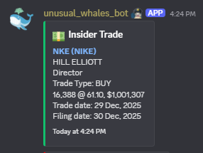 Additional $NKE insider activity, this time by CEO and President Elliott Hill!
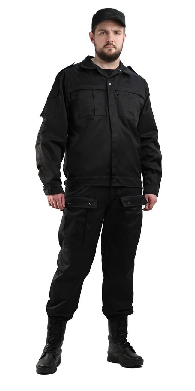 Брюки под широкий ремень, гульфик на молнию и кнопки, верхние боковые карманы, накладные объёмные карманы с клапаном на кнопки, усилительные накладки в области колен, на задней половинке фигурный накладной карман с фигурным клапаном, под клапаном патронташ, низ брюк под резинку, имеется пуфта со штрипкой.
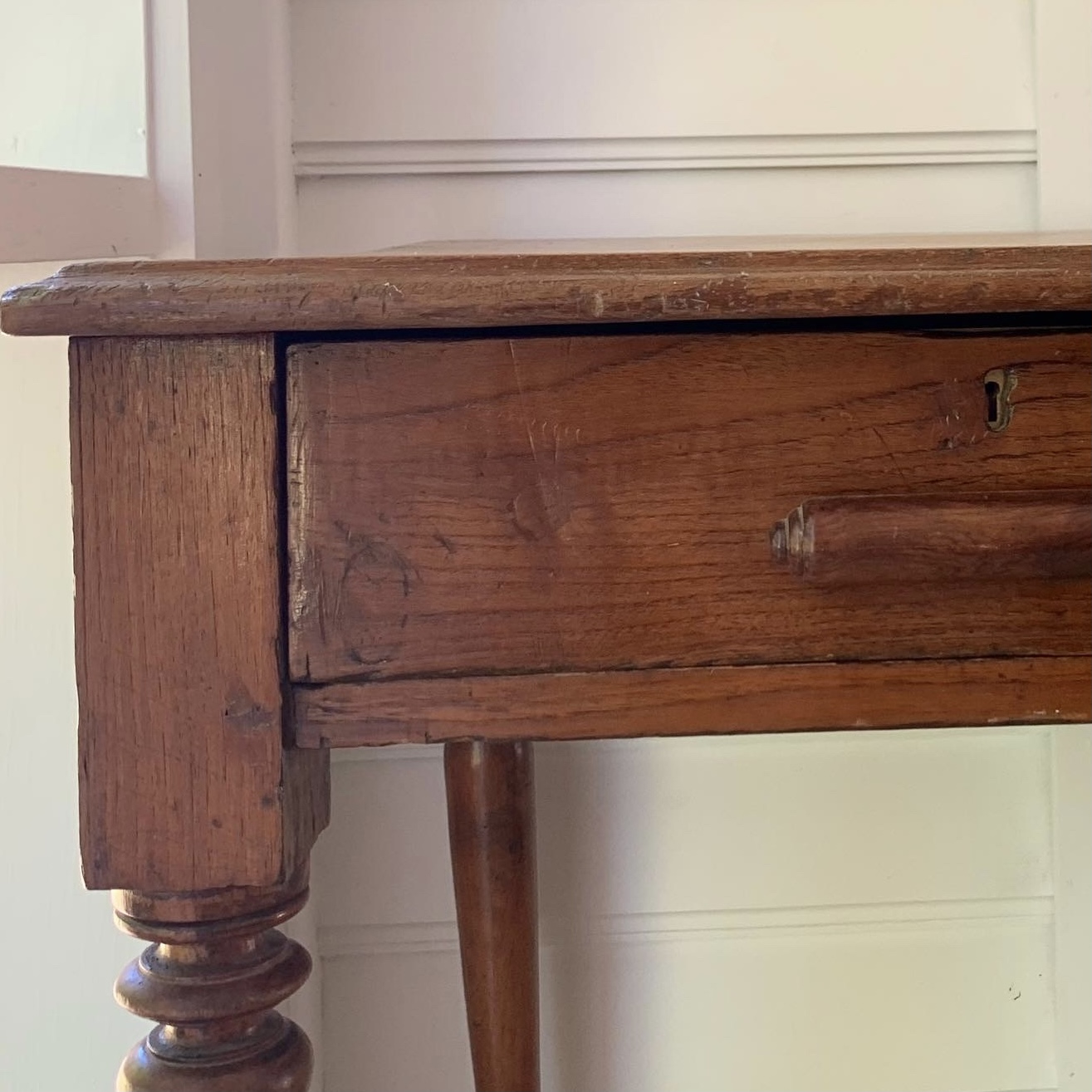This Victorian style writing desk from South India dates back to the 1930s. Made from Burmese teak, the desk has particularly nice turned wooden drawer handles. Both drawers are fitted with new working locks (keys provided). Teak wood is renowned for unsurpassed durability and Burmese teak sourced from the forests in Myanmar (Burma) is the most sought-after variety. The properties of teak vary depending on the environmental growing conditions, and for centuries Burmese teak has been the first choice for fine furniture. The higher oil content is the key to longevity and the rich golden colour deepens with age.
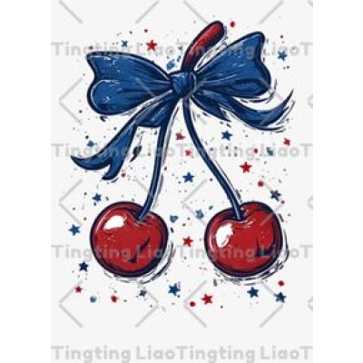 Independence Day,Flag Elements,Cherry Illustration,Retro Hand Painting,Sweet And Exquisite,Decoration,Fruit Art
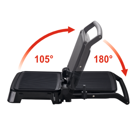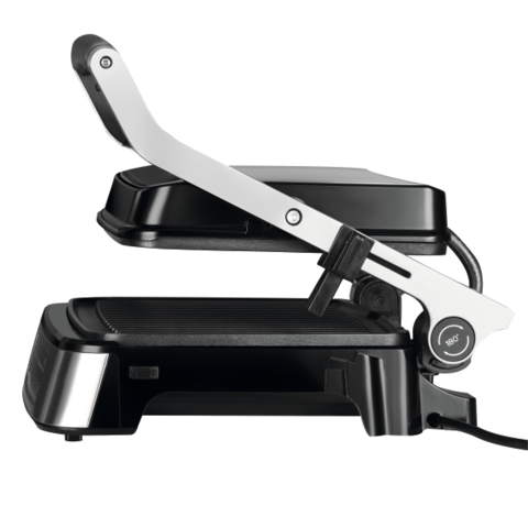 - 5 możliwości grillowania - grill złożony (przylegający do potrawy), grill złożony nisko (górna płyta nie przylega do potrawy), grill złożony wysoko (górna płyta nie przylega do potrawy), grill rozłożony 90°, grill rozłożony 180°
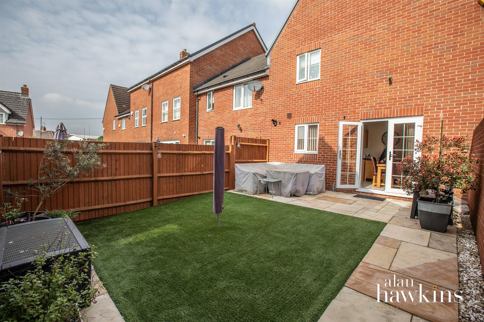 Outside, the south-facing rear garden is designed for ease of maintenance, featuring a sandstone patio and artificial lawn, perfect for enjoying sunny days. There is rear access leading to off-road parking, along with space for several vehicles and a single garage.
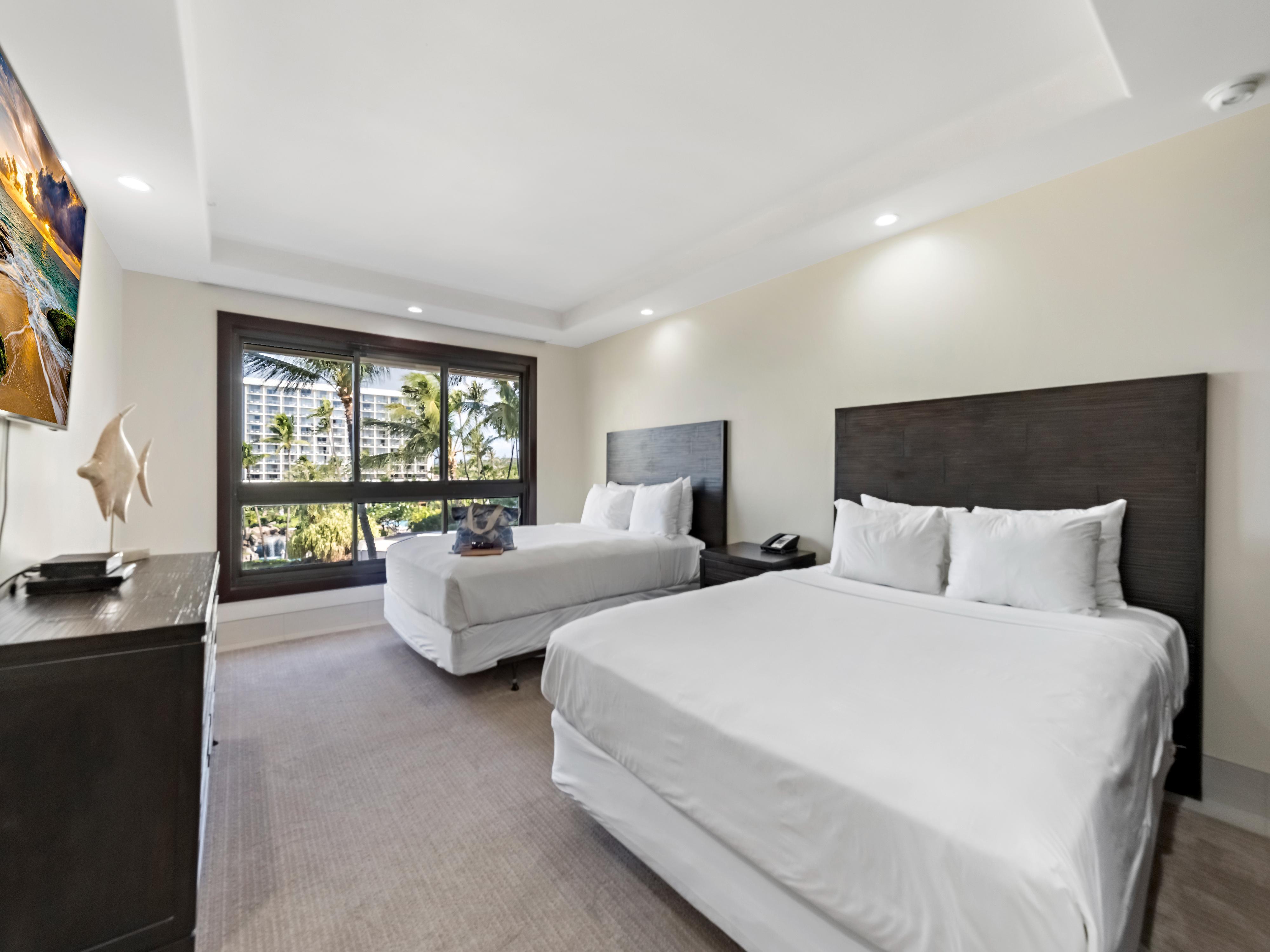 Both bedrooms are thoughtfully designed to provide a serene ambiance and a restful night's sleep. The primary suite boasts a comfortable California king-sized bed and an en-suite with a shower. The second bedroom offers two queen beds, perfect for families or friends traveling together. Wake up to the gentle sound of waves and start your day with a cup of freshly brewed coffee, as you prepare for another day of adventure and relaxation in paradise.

§ §

→ EXERCISE DETAILS
Your answer should be the lines from the line containing "- 5 możliwości" through the end of the listing above, output exactly and alone, without the pictures.

→ RESULT FOR THIS TASK
 - 5 możliwości grillowania - grill złożony (przylegający do potrawy), grill złożony nisko (górna płyta nie przylega do potrawy), grill złożony wysoko (górna płyta nie przylega do potrawy), grill rozłożony 90°, grill rozłożony 180°
 Outside, the south-facing rear garden is designed for ease of maintenance, featuring a sandstone patio and artificial lawn, perfect for enjoying sunny days. There is rear access leading to off-road parking, along with space for several vehicles and a single garage.
 Both bedrooms are thoughtfully designed to provide a serene ambiance and a restful night's sleep. The primary suite boasts a comfortable California king-sized bed and an en-suite with a shower. The second bedroom offers two queen beds, perfect for families or friends traveling together. Wake up to the gentle sound of waves and start your day with a cup of freshly brewed coffee, as you prepare for another day of adventure and relaxation in paradise.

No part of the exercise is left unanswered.